Do not buy a Dacia Duster- fails the moose test, spectacularly.


----------



## Christian6984 (Dec 20, 2007)

ollienoclue said:


> Do not buy a Dacia Duster- fails the moose test, spectacularly.


not sure what test this was but i would say it didnt pass :lol:


----------



## gishy (Feb 24, 2018)

curious about the moose test mentioned above,found this spanish youtube channel with some of the cars already listed.some of these are frightening.
https://www.youtube.com/channel/UCJNWgv8nUn6111q1eWD8--Q


----------



## mikechesterman (May 25, 2013)

Understated, brilliant and snow and Automatic.


----------



## sshooie (May 15, 2007)

Panda


----------



## ollienoclue (Jan 30, 2017)

That Subaru is hideous.
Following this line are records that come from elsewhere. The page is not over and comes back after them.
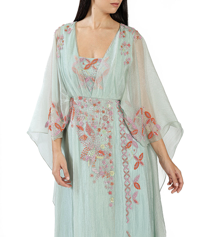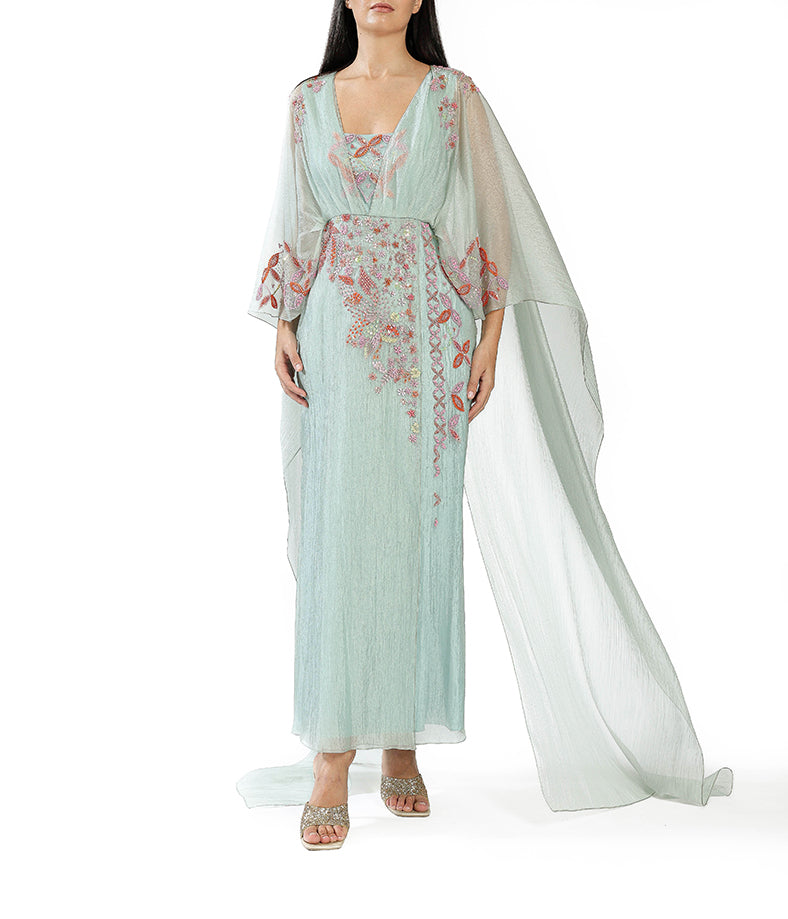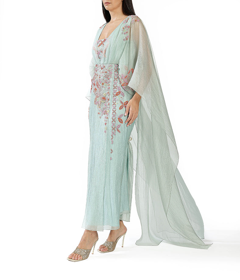 Light Blue Gown With Floral Applique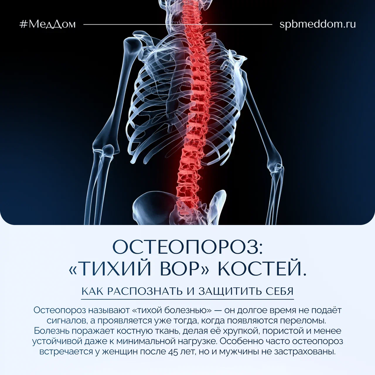 Остеопороз называют «тихой болезнью» — он долгое время не подаёт сигналов, а проявляется уже тогда, когда появляются переломы. Болезнь поражает костную ткань, делая её хрупкой, пористой и менее устойчивой даже к минимальной нагрузке.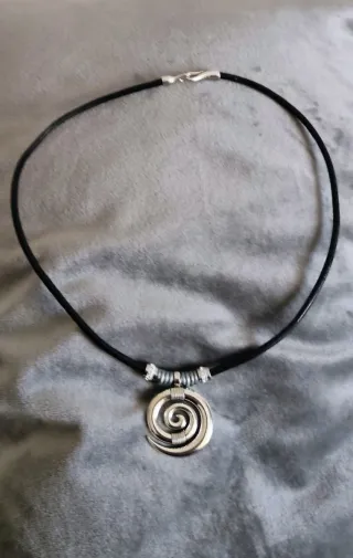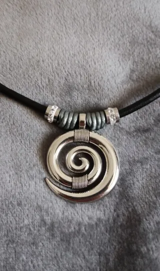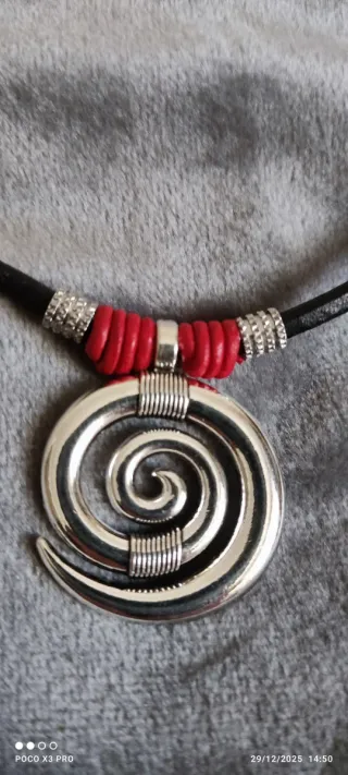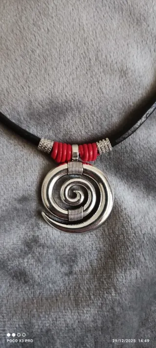Colgante con diseño de espiral, inspirado en la espiral de la vida. El cordón es negro y tiene detalles en rojo y plateado. - Colgante con forma de espiral. - Cordón negro. - Detalles decorativos en rojo y plateado.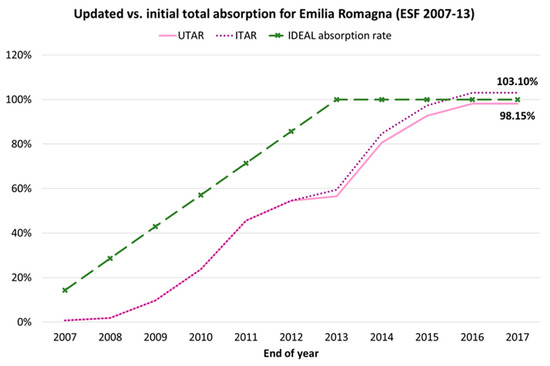 Figure 14 depicts the UTAR and ITAR indicators for the total ESF funds during 2007–2013 in Emilia Romagna. Once again, following the increase of the initial commitments due to the earthquake, ITAR at the end of the cycle (103%) is higher than UTAR (98%). Obviously, as the final accumulated payments are greater than the initial total commitments, ITAR is more than 100%.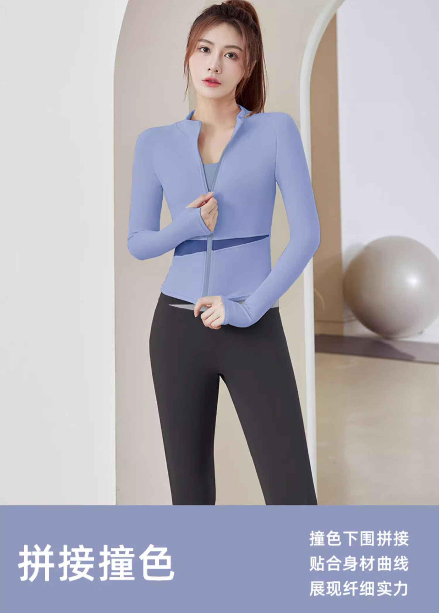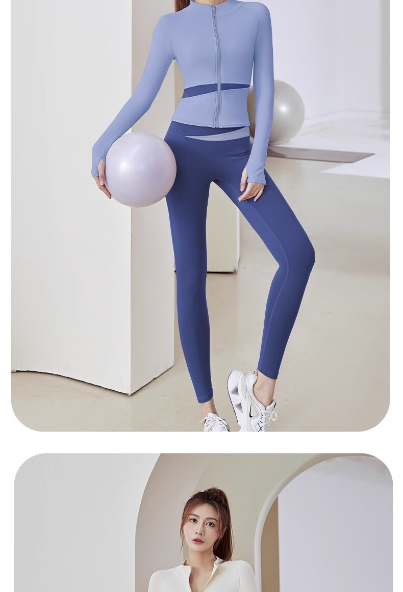LNGA LANDGRE yoga wear for women 2025 new long-sleeved sports fitness professional Pilates training large size top running suit autumn three-piece set ivory white + cocoa color M recommended 95-105 Jin Jin equals 0.5 kg

The good news is that Subaru cars generally depreciate quite heavily so make good second hand buys and they are normally very well equipped. They are all utterly hilarious to drive on snow. Even the most boring 1991 2.0 non-turbo impreza with half the interior smelling of dog and rust up every wheel arch will dance on snow like a ballerina. Believe me I spent a good portion of my youth driving an old Scoobs around muddy fields, they are ace.

On a more serious note, the Toyota Rav4 would be the thing to have I think. Won't ever let you down. Some of the newer ones are hybrid and all sorts.


----------



## percymon (Jun 27, 2007)

Panda 4x4; small , frugal, easy to park 8n congested snow landed towns and there’s a very good reason they are everywhere in ski resorts and used by mountain rescue teams. Saw an original one trudging happily up n down mount Vesuvius last summer with the volcanologists


----------



## Christian6984 (Dec 20, 2007)

percymon said:


> Panda 4x4; small , frugal, easy to park 8n congested snow landed towns and there's a very good reason they are everywhere in ski resorts and used by mountain rescue teams. Saw an original one trudging happily up n down mount Vesuvius last summer with the volcanologists


Was my immediate thoughts too, seen videos of them and look very capable but there is no Auto gearbox option, possibly the fiat Auto gearbox isnt tough enough for that sort of use


----------



## ollienoclue (Jan 30, 2017)

The Panda 4x4 is an absolute riot but I'm not sure it would be ideal for long haul trips with a lot of luggage. To be honest, the more I think about it a Volvo XC60 might fit the bill and they can be equipped with a roof rack and all the internals to accommodate a good dose of luggage, plus AWD.


----------



## MSwiss (Sep 25, 2017)

Thanks for all your thoughts and posts gents. The XC60 would be to big as the car is mainly used to go to town, the Scoob looks good in the XV. We are going to get a few on demo and see whats best:thumb:


----------



## Squadrone Rosso (Aug 11, 2009)

Panda 4x4 or Panda Cross. Utterly superb small car with genuine off road capabilities.

Comes on excellent tyres too.

Best pound for pound car I’ve ever owned.


----------